### [Exercise data]
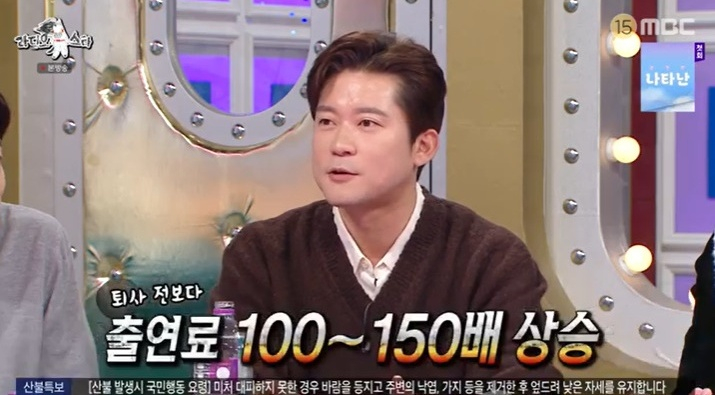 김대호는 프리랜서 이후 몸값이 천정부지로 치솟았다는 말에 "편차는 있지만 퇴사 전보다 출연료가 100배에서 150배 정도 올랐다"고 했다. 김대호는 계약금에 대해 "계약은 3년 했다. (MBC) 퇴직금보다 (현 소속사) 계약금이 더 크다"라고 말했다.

* * *

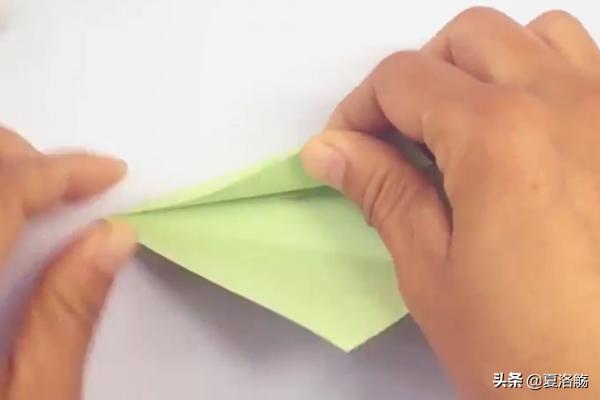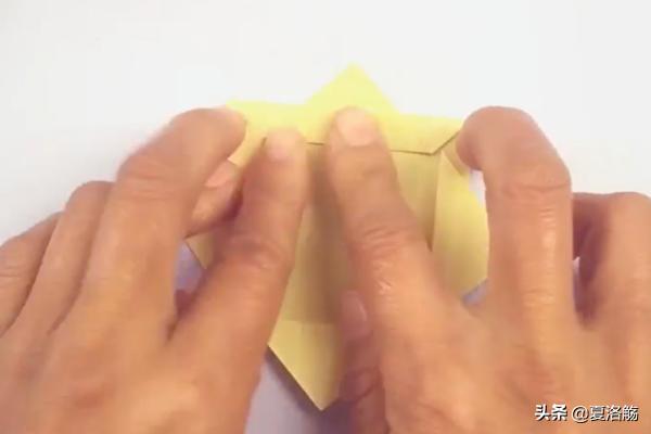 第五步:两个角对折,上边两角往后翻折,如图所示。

* * *

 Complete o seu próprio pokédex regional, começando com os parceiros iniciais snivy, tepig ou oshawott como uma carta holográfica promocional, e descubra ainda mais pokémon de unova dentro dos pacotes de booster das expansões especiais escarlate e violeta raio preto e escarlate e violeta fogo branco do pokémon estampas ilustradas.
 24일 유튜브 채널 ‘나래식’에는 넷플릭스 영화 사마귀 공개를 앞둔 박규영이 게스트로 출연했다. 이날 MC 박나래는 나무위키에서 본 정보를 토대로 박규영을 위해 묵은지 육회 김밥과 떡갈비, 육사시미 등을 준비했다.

### [What to do]
Could you set down, exactly as written, the lines above between the one holding "Complete o seu" and the one holding "24일 유튜브 채널 ‘나래식’에는", inclusive, and nothing more?

### [Your response]
 Complete o seu próprio pokédex regional, começando com os parceiros iniciais snivy, tepig ou oshawott como uma carta holográfica promocional, e descubra ainda mais pokémon de unova dentro dos pacotes de booster das expansões especiais escarlate e violeta raio preto e escarlate e violeta fogo branco do pokémon estampas ilustradas.
 24일 유튜브 채널 ‘나래식’에는 넷플릭스 영화 사마귀 공개를 앞둔 박규영이 게스트로 출연했다. 이날 MC 박나래는 나무위키에서 본 정보를 토대로 박규영을 위해 묵은지 육회 김밥과 떡갈비, 육사시미 등을 준비했다.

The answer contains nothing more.